- **HOW TO COMPLETE THIS TASK**
Restate word for word the lines of the records below, starting at the line that contains "CHENCUNFEN Instant Rice" and ending at the line that contains "Denna stilsäkra tevagn", with both of those lines included and nothing else.

- **Records excerpted from a collection**

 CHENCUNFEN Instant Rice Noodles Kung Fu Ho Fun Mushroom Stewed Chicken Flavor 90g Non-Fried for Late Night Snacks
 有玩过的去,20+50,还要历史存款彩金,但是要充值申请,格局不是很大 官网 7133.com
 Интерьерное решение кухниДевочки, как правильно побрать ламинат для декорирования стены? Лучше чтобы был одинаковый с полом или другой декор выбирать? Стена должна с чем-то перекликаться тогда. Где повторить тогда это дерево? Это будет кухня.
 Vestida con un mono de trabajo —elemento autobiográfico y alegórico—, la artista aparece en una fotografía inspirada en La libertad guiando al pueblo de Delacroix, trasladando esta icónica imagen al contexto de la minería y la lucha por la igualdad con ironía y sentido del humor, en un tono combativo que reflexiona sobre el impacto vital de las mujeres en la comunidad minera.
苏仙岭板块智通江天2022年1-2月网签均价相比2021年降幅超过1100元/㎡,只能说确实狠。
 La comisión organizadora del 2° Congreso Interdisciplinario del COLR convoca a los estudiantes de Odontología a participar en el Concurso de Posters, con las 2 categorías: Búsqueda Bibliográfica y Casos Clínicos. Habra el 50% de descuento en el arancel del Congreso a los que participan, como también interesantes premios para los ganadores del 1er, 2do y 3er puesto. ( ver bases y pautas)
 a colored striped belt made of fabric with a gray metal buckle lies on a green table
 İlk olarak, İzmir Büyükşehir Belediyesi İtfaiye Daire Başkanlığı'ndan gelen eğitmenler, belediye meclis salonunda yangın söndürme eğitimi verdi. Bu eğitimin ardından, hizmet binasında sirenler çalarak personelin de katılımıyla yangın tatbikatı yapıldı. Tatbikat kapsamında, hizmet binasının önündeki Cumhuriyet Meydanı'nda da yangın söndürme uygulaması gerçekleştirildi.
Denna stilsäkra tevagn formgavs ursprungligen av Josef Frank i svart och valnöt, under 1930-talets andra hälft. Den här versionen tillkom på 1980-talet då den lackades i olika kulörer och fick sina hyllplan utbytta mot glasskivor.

--

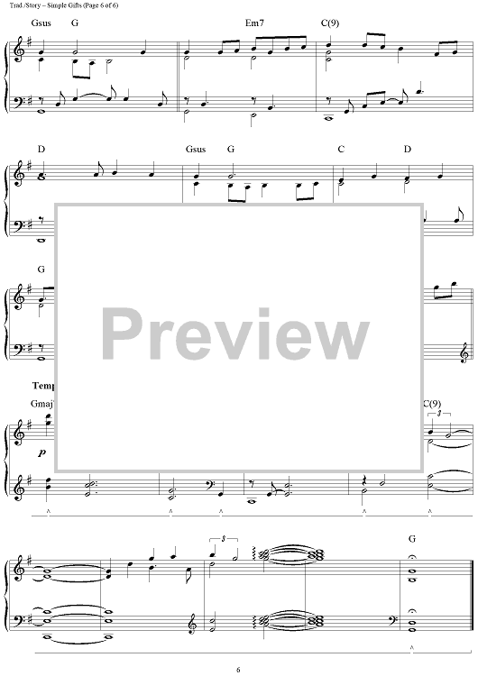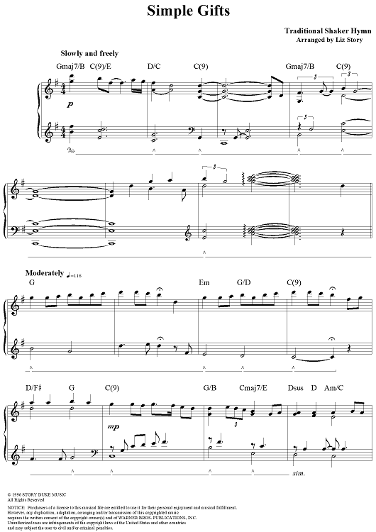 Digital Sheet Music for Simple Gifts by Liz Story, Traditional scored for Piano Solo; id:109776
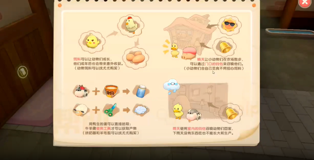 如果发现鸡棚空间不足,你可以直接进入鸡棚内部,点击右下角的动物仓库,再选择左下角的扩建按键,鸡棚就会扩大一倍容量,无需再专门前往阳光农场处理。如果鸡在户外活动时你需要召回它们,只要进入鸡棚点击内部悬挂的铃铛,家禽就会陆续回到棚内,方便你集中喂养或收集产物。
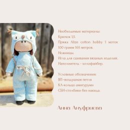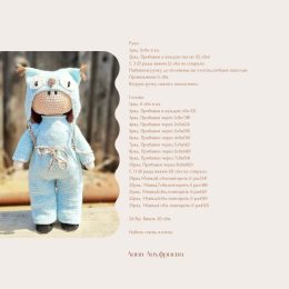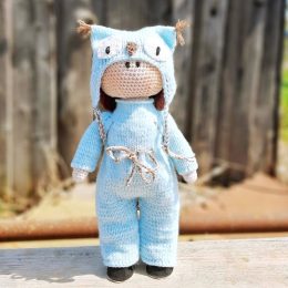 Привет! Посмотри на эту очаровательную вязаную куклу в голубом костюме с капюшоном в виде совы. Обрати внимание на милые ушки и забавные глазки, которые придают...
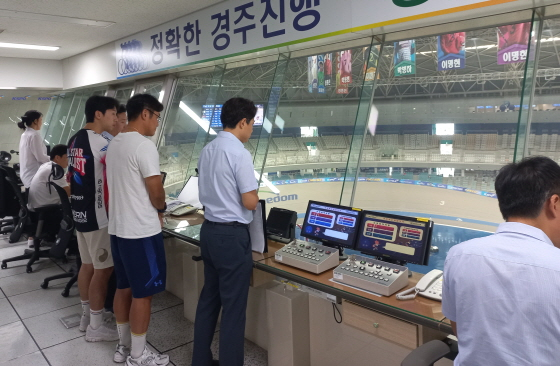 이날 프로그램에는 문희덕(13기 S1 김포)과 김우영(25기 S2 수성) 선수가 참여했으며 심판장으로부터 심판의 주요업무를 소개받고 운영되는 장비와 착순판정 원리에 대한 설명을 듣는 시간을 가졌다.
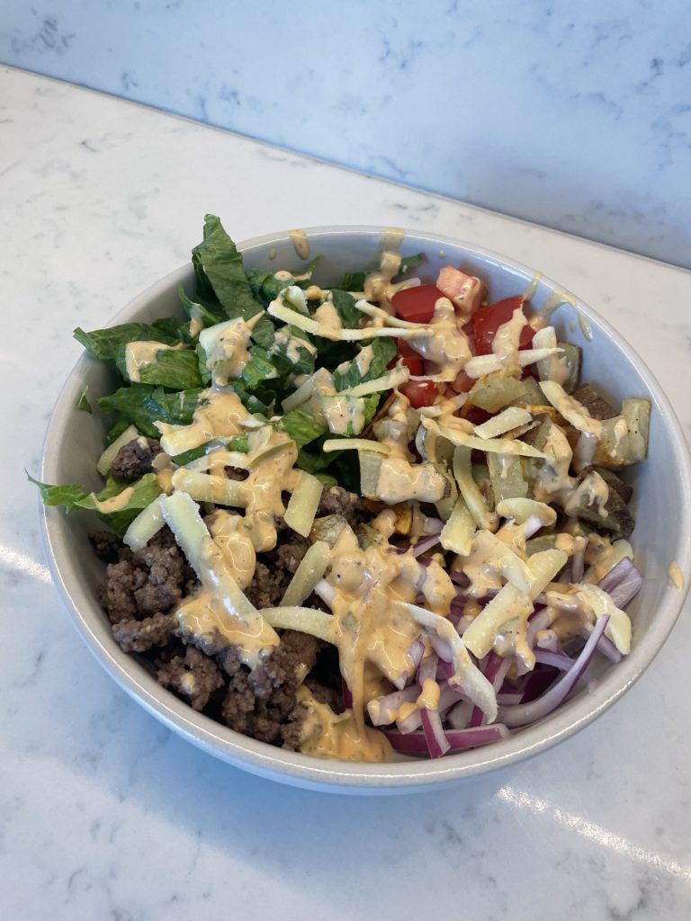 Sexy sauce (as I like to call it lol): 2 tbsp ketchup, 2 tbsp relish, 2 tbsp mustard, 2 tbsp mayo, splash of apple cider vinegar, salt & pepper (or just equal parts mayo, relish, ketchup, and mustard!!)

- **EXERCISE RESPONSE**
 CHENCUNFEN Instant Rice Noodles Kung Fu Ho Fun Mushroom Stewed Chicken Flavor 90g Non-Fried for Late Night Snacks
 有玩过的去,20+50,还要历史存款彩金,但是要充值申请,格局不是很大 官网 7133.com
 Интерьерное решение кухниДевочки, как правильно побрать ламинат для декорирования стены? Лучше чтобы был одинаковый с полом или другой декор выбирать? Стена должна с чем-то перекликаться тогда. Где повторить тогда это дерево? Это будет кухня.
 Vestida con un mono de trabajo —elemento autobiográfico y alegórico—, la artista aparece en una fotografía inspirada en La libertad guiando al pueblo de Delacroix, trasladando esta icónica imagen al contexto de la minería y la lucha por la igualdad con ironía y sentido del humor, en un tono combativo que reflexiona sobre el impacto vital de las mujeres en la comunidad minera.
苏仙岭板块智通江天2022年1-2月网签均价相比2021年降幅超过1100元/㎡,只能说确实狠。
 La comisión organizadora del 2° Congreso Interdisciplinario del COLR convoca a los estudiantes de Odontología a participar en el Concurso de Posters, con las 2 categorías: Búsqueda Bibliográfica y Casos Clínicos. Habra el 50% de descuento en el arancel del Congreso a los que participan, como también interesantes premios para los ganadores del 1er, 2do y 3er puesto. ( ver bases y pautas)
 a colored striped belt made of fabric with a gray metal buckle lies on a green table
 İlk olarak, İzmir Büyükşehir Belediyesi İtfaiye Daire Başkanlığı'ndan gelen eğitmenler, belediye meclis salonunda yangın söndürme eğitimi verdi. Bu eğitimin ardından, hizmet binasında sirenler çalarak personelin de katılımıyla yangın tatbikatı yapıldı. Tatbikat kapsamında, hizmet binasının önündeki Cumhuriyet Meydanı'nda da yangın söndürme uygulaması gerçekleştirildi.
Denna stilsäkra tevagn formgavs ursprungligen av Josef Frank i svart och valnöt, under 1930-talets andra hälft. Den här versionen tillkom på 1980-talet då den lackades i olika kulörer och fick sina hyllplan utbytta mot glasskivor.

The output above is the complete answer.